DATA FOR THIS EXERCISE:
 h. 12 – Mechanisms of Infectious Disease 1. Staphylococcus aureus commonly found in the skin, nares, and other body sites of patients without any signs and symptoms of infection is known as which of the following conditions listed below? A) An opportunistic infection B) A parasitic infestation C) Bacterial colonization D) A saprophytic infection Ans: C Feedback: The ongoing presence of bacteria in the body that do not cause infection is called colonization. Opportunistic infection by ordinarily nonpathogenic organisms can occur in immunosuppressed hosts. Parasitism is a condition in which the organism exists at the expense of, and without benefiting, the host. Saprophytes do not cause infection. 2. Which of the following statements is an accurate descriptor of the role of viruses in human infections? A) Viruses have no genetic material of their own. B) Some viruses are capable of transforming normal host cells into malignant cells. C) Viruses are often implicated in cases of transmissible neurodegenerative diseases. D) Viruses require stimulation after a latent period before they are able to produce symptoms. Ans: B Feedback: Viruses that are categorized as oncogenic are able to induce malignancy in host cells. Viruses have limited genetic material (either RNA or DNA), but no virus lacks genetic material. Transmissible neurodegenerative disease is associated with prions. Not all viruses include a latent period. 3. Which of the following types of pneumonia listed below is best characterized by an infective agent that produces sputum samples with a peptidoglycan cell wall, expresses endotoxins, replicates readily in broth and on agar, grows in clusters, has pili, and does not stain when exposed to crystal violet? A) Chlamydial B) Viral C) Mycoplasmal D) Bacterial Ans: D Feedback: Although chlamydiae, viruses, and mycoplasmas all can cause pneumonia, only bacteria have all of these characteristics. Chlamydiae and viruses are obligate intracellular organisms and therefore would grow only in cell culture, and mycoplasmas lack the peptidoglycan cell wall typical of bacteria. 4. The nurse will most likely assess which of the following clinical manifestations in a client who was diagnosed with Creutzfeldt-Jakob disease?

* * *

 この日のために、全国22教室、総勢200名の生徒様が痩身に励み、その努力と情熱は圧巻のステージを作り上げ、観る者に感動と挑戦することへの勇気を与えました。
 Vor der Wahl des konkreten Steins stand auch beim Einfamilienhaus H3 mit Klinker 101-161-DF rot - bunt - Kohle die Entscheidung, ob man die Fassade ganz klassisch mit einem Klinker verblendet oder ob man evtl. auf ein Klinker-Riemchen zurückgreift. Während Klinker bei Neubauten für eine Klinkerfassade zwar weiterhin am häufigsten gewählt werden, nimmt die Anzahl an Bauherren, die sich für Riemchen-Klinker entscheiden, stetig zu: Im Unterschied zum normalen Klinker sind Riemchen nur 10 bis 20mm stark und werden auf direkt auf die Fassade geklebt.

* * *

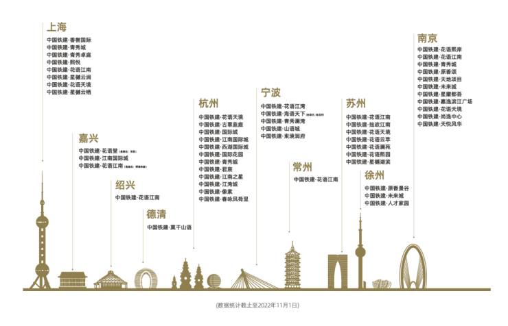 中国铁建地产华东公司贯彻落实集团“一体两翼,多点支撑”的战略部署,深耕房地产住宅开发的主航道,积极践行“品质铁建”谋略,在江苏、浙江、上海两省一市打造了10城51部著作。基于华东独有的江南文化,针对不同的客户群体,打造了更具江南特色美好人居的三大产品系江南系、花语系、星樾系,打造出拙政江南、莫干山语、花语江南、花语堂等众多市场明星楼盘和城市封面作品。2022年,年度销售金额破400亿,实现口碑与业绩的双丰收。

TASK OBJECTIVE: Of the lines above, retype only those from the line containing "この日のために、全国22教室" through the line containing "Vor der Wahl", including both, exactly.

OUTPUT OF THE TASK:
 この日のために、全国22教室、総勢200名の生徒様が痩身に励み、その努力と情熱は圧巻のステージを作り上げ、観る者に感動と挑戦することへの勇気を与えました。
 Vor der Wahl des konkreten Steins stand auch beim Einfamilienhaus H3 mit Klinker 101-161-DF rot - bunt - Kohle die Entscheidung, ob man die Fassade ganz klassisch mit einem Klinker verblendet oder ob man evtl. auf ein Klinker-Riemchen zurückgreift. Während Klinker bei Neubauten für eine Klinkerfassade zwar weiterhin am häufigsten gewählt werden, nimmt die Anzahl an Bauherren, die sich für Riemchen-Klinker entscheiden, stetig zu: Im Unterschied zum normalen Klinker sind Riemchen nur 10 bis 20mm stark und werden auf direkt auf die Fassade geklebt.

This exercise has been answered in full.